* Task details
Your copy should hold exactly the lines from the one containing "CHARMIG GRODA: Denna" through the last line of the entries, and no pictures.

* Working data

►

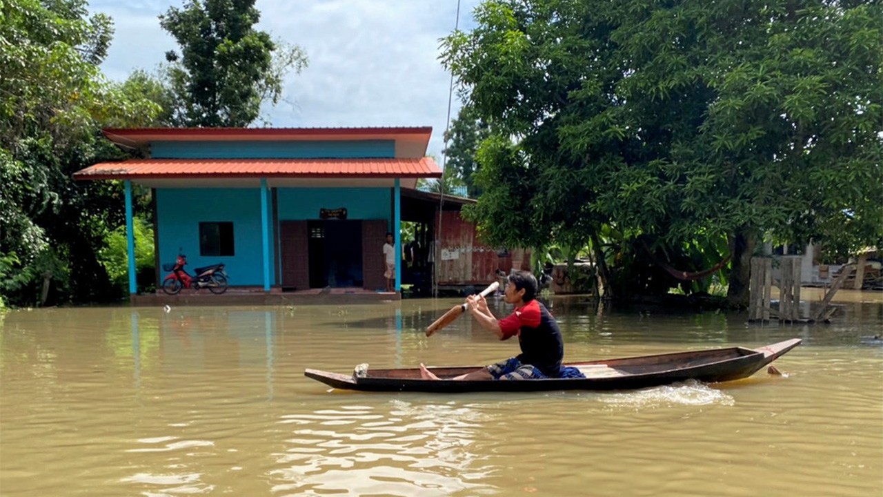 ลำตะคองวิกฤติหนัก เทศบาลนครนครราชสีมาปักธงแดงแจ้งเตือนชาวบ้านเร่งขนย้ายข้าวของขึ้นที่สูง หลังน้ำเอ่อล้นเข้าท่วมบ้านเรือนในชุมชนกว่า 500 หลังจมมิดพ่อเมืองโคราชแจงปริมาณน้ำในเขื่อนลำตะคอง เกินความจุแล้ว แต่ยังรับน้ำไหวไม่ระบายออกหวั่นชาวบ้านเดือดร้อนหนัก กบินทร์บุรียังอ่วม มวลน้ำไหลบ่าเข้าท่วมตลาดเทศบาลย่านเศรษฐกิจการค้า เกิดเหตุสลดหนุ่มพายเรือจะไปช่วยยายขนของหนีน้ำถูกซัดเรือล่มจมน้ำดับ เขื่อนเจ้าพระยารับน้ำเหนือต่อเนื่องจนต้องเพิ่มการระบายน้ำ แจ้งเตือนจังหวัดลุ่มเจ้าพระยาระวังน้ำล้นตลิ่ง อุตุฯประกาศเข้าฤดูหนาวอย่างเป็นทางการ ภาคเหนือฝนน้อยลง แต่ภาคใต้ยังมีฝนชุก สถานการณ์น้ำท่วม จ.นครราชสีมา ยังไม่พ้นวิกฤติ เมื่อช่วงเช้าวันที่ 22 ต.ค. เทศบาลนครนครราชสีมา ได้ปักธงแดงบริเวณสะพานข้ามลำน้ำลำตะคอง ปากทาง เข้าชุมชนมิตรภาพซอย 4 ต.ในเมือง แจ้งเตือนประชาชนเร่งขนย้ายข้าวของขึ้นที่สูง หลังน้ำจากลำตะคองเอ่อล้นตลิ่งหลากท่วมถนน ร้านค้า และบ้านเรือนกว่า 500 หลัง ระดับน้ำสูง 60-80 ซม. มีแนวโน้มสูงขึ้นชั่วโมงละ 1 ซม. รถเล็กไม่สามารถผ่านได้ เจ้าหน้าที่เร่งแจกจ่ายกระสอบทรายพร้อมนำรถบรรทุกยกสูงพาชาวบ้านเดินทางเข้าออก ส่วนชุมชนอื่นๆก็มีน้ำท่วมสูงเช่นกัน อาทิ ตะคองเก่า สำโรงจันทร์ บ้านเรือนถูกน้ำท่วมกว่า 80 หลัง ขณะที่ เขื่อนลำตะคองมีปริมาณน้ำ 340 ล้าน ลบ.ม. เกินระดับของความจุ 314 ล้าน ลบ.ม.นายวิเชียร จันทรโณทัย ผวจ.นครราชสีมา กล่าวภายหลังร่วมประชุมการบริหารจัดการน้ำในเขื่อนลำตะคองว่า เพื่อเป็นการลดความเสียหายของประชาชนท้ายลำน้ำลำตะคอง ที่ประชุมมีความเห็นว่าจะยังไม่ระบายน้ำออกจากเขื่อนลำตะคอง เนื่องจากเขื่อนมีความแข็งแรงและยังสามารถรองรับน้ำได้เกินกว่า ความจุที่ 314 ล้าน ลบ.ม. ไปถึงที่ความจุ 374 ล้าน ลบ.ม. แต่ปัจจุบันมีปริมาณน้ำ 340 ล้าน ลบ.ม. จึงไม่มีความจำเป็นในการระบายน้ำออกจากเขื่อน ส่วนพายุที่จะเข้ามาปลายสัปดาห์นี้คาดว่าจะอ่อนกำลังและไม่ส่งผลต่อภาคอีสานตอนล่างมากนักส่วนที่เขตเทศบาลเมืองเมืองปัก อ.ปักธงชัย พื้นที่ส่วนใหญ่ระดับน้ำลดลงกลับเข้าสู่ภาวะปกติแล้ว แต่ที่ชุมชนชัยมงคล หรือบ้านโนนอีแซว หมู่ 14 ต.เมืองปัก ยังมีน้ำท่วมสูง เนื่องจากเป็นพื้นที่ลุ่มต่ำ มีคลองลำซอไหลผ่าน เป็นพื้นที่รองรับมวลน้ำที่ไหลล้นจากคลองลำตะกุดและคลองลำซอ บ้านเรือนถูกน้ำท่วมกว่า 200 หลัง ระดับน้ำสูงเกือบ 2 เมตร บ้านชั้นเดียวติดคลองถูกท่วมเกือบมิดหลังคา ชาวบ้านกว่า 800 คนต้องอพยพออกมาอาศัยตามบ้านญาติ และที่ศาลา SLM เป็น
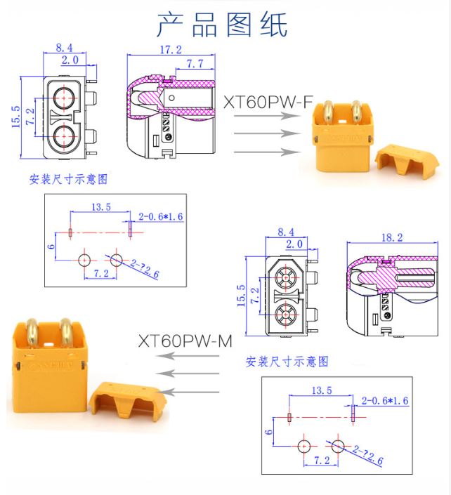 艾邁斯XT60PW連接器XT60臥式板式電路板插頭AMASS熱賣(mài)模型配件
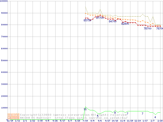 Socket 604 (micro-PGA,FSB 533MHz,L2 512KB,Prestonia)の最安値推移
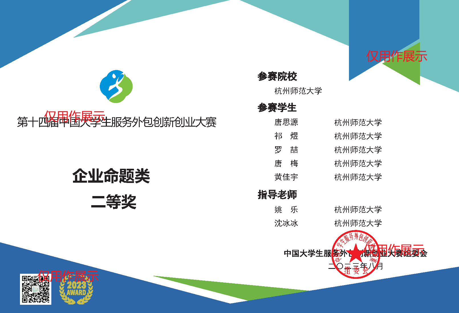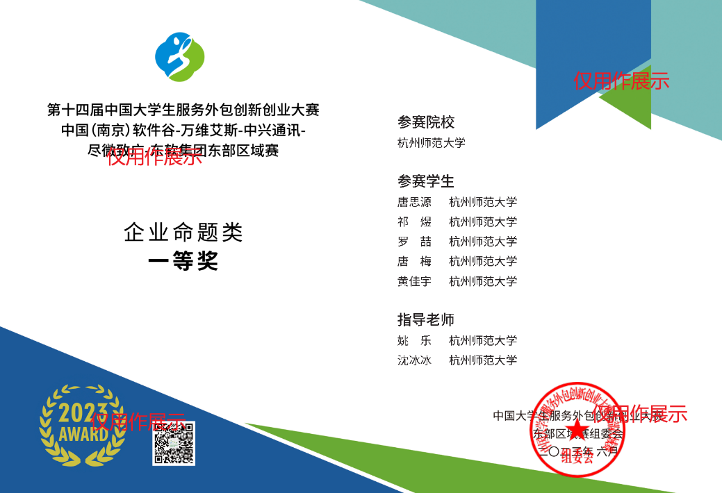 获得奖项:全国决赛二等奖、东部省份区域赛一等奖(杭师大唯二)
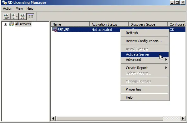 In the new window, you will see your server with the activation status “Not Activated.” Right-click => Activate Server.
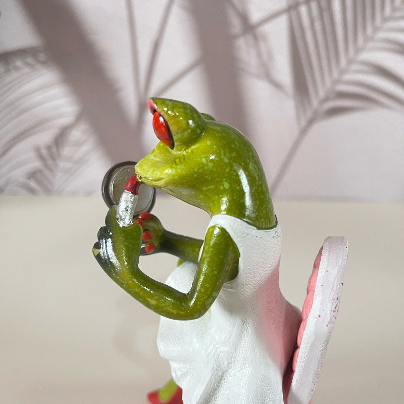CHARMIG GRODA: Denna distinkta groda har en fantasifull design och föreställer en groda som elegant sitter på en stol och målar läppar. Den är klädd i högklackade skor och klänning och har ett lekfullt men sofistikerat utseende som ger en unik charm till alla rum.
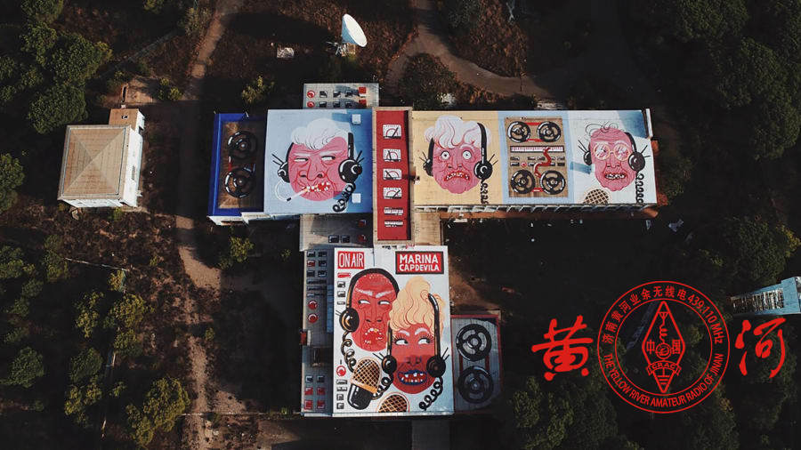 2018年夏天,她在自由电台主楼的屋顶工作了12天。画了一幅引人注目的、色彩丰富的壁画,占地约2000平方米。
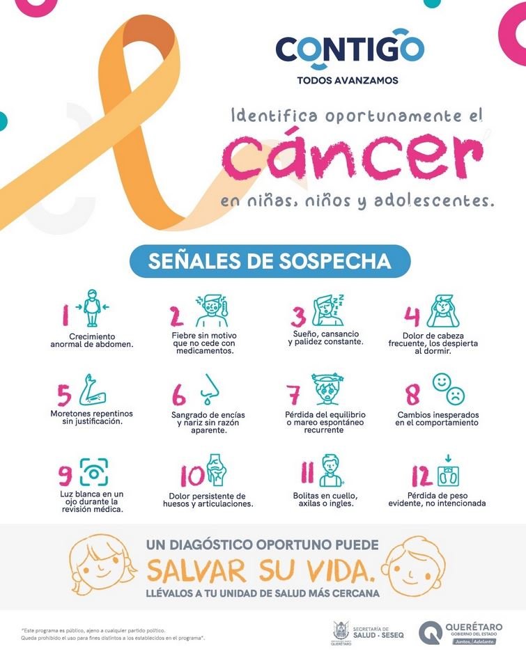 En el estado de Querétaro, el Hospital de Especialidades del Niño y la Mujer “Felipe Núñez Lara” brinda atención y tratamiento a través del equipo multidisciplinario a niñas, niños y a población adolescente que son diagnosticados con cáncer. Para más información acudir al Centro de Salud.
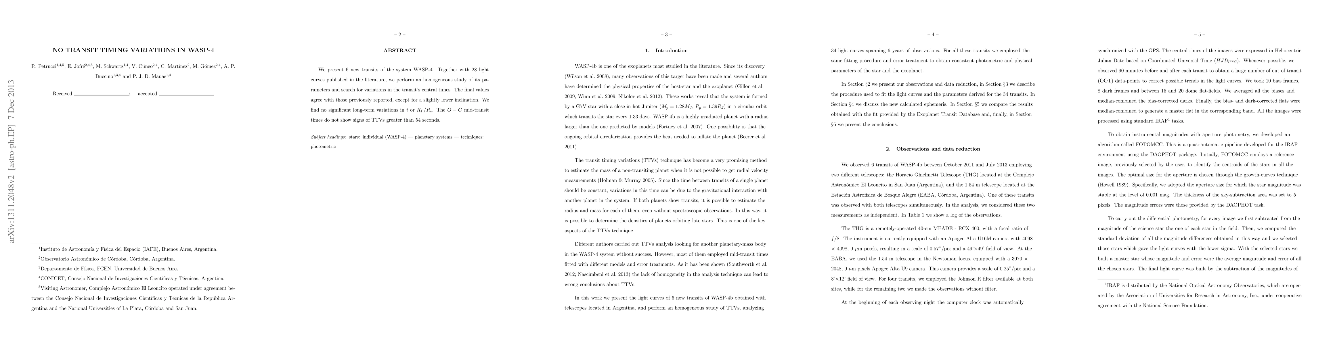 We present 6 new transits of the system WASP-4. Together with 28 light curves published in the literature, we perform an homogeneous study of its parameters and search for variations in the transit's central times. The final values agree with those previously reported, except for a slightly lower inclination. We find no significant long-term variations in $i$ or $R_{P}/R_{\star}$. The $O-C$ mid-transit times do not show signs of TTVs greater than 54 s.
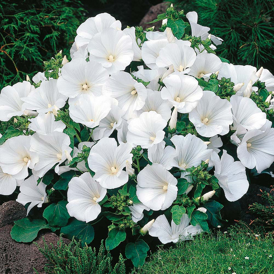 Лаватера "Красотка Белая" - это воплощение нежности и изысканности в вашем саду. Это растение поразит вас своей красотой и изяществом. Сорт "Красотка Белая" отличается высотой до 60 см, что делает его идеальным для миксбордеров и групповых посадок. Его белые цветы привлекут внимание и подарят вашему саду особый шарм.

◄

* Your response
CHARMIG GRODA: Denna distinkta groda har en fantasifull design och föreställer en groda som elegant sitter på en stol och målar läppar. Den är klädd i högklackade skor och klänning och har ett lekfullt men sofistikerat utseende som ger en unik charm till alla rum.
 2018年夏天,她在自由电台主楼的屋顶工作了12天。画了一幅引人注目的、色彩丰富的壁画,占地约2000平方米。
 En el estado de Querétaro, el Hospital de Especialidades del Niño y la Mujer “Felipe Núñez Lara” brinda atención y tratamiento a través del equipo multidisciplinario a niñas, niños y a población adolescente que son diagnosticados con cáncer. Para más información acudir al Centro de Salud.
 We present 6 new transits of the system WASP-4. Together with 28 light curves published in the literature, we perform an homogeneous study of its parameters and search for variations in the transit's central times. The final values agree with those previously reported, except for a slightly lower inclination. We find no significant long-term variations in $i$ or $R_{P}/R_{\star}$. The $O-C$ mid-transit times do not show signs of TTVs greater than 54 s.
 Лаватера "Красотка Белая" - это воплощение нежности и изысканности в вашем саду. Это растение поразит вас своей красотой и изяществом. Сорт "Красотка Белая" отличается высотой до 60 см, что делает его идеальным для миксбордеров и групповых посадок. Его белые цветы привлекут внимание и подарят вашему саду особый шарм.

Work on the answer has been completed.